I needed new tennis shoes, so I found a pair on sale for $24 and tapped on them. The moment I touched the screen, the shoes were circled in yellow and placed in my shopping cart. That didn’t mean I was committed to buying them, but if I decided to make the purchase before the coupon expired, I would automatically get them at the discounted price.
If I decide I don’t want something, I take it out of the cart by tapping it again. The yellow circle disappears and we all pretend it never happened.
How it works for us
The Flipp app prevents me from having to comb through circulars and store websites for deals. Instead, when the products my husband and I use go on sale, it shows up on the app. And coupons are not from obscure places I would not normally shop. Coupons come from places like Target, Walmart, Walgreens, and other familiar retailers.

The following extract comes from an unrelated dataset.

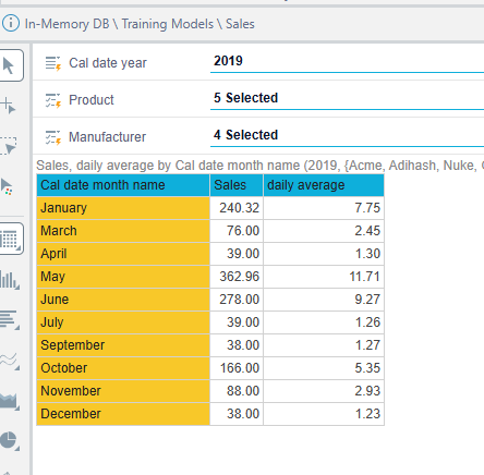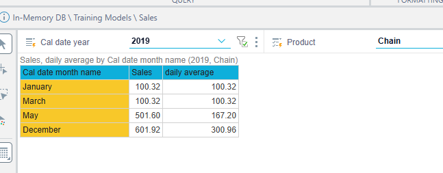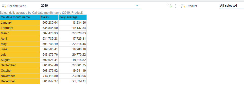 Do notice that you will get the average for days where you had sales - so If I filter to just one product:

I’m a list-maker, so this part gives me a thrill. I make a list (on the app) of what I need — from baby carrots to dog treats and eyeglass wipes.
Normally, I’m not wild about driving around town to find the best deals. Still, if the price of something I buy every week seems unusually steep (like iced coffee these days), I use the search feature to see if I can pick it up at a lower price. And that’s one of the coolest things about the Flipp app. You can search for any product and it automatically shows you all the stores in your area running a sale on that item.

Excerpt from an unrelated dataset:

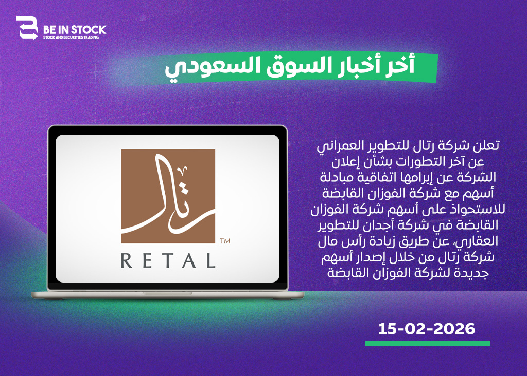 تعلن شركة رتال للتطوير العمراني عن آخر التطورات بشأن إعلان الشركة عن إبرامها اتفاقية مبادلة أسهم مع شركة الفوزان القابضة للاستحواذ على أسهم شركة الفوزان القابضة في شركة أجدان للتطوير العقاري، عن طريق زيادة رأس مال شركة رتال من خلال إصدار أسهم جديدة لشركة الفوزان القابضة

My husband and I spend around $150 a week on groceries (not counting paper products). This app allows me to save around $25. Our savings occur in three ways:
- Using digital coupons on the products we need and/or routinely purchase.
- Being inspired by items I see on sale, and changing my shopping list. Let’s say I plan to make chicken breasts for dinner on Wednesday, but notice a sale on strawberries and walnuts. That reminds me of how much we like a good summer salad, and I’m likely to replace chicken on the weekly menu with a big salad.

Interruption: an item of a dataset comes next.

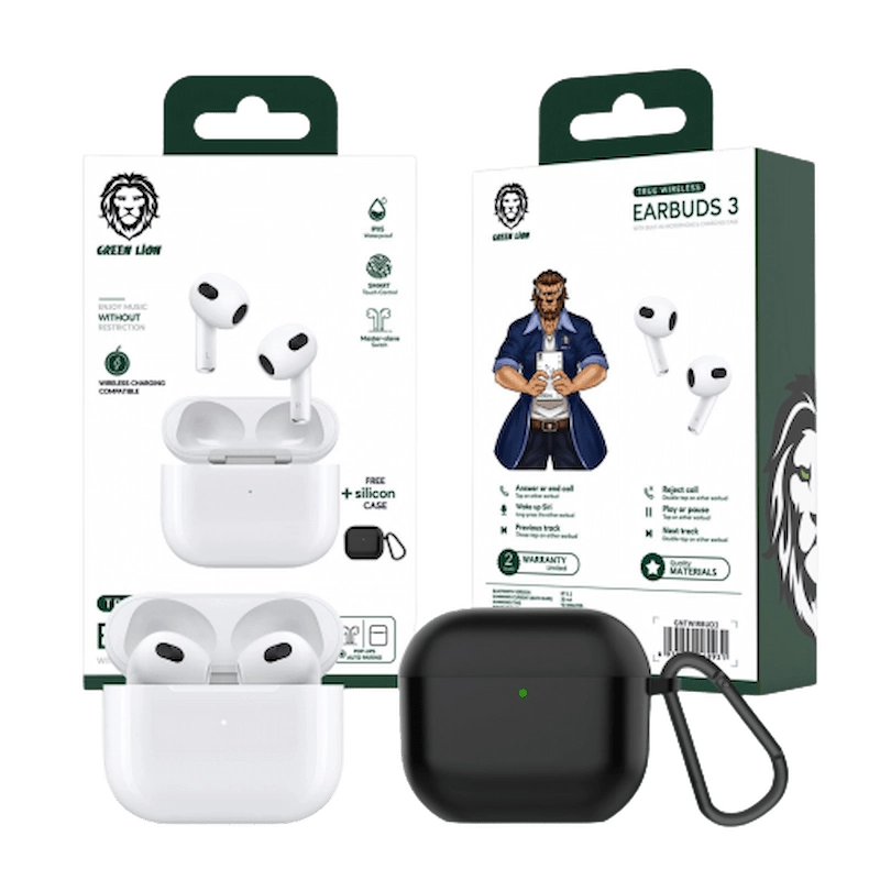 سماعات أذن لاسلكية حقيقية من Green Lion 3 مع علبة سيليكون

- Stocking up for upcoming events. To reiterate: I do not like buying and organizing items I probably don’t need, but if we have friends or family coming to visit, I like knowing I can use Flipp to find the best price on things we’ll use a lot of while they’re here.
If we save $25 a week, that means we’re saving around $1,300 a year, and that’s just for the two of us. I imagine families with more mouths to feed can do even better. Since it takes little effort to use the app, it’s one of the easiest ways I’ve found to put extra money into our savings account each month.
Paying with digital coupons
When I was very young, I remember being fascinated watching the old ladies in front of me in the check-out line take their time to count out exact change. Now that I’m approaching a certain age, I remember the sweet old ladies counting change, and I try to have coupons ready to go by the time I reach the cashier.
That process is as easy as opening the Flipp app (if it’s not already open), and tapping the “Clippings” section. That’s where the coupons I’ve used are stored. All the cashier has to do is scan my coupons, and I’m good to go.
Not only is Flipp a good way to save money, but I find that it’s pretty great for keeping me organized as I head out to shop. And the more organized I am, the less likely I am to make impulsive purchases. There’s no desktop version of Flipp available just yet, but it is available for iOS and Android smartphones.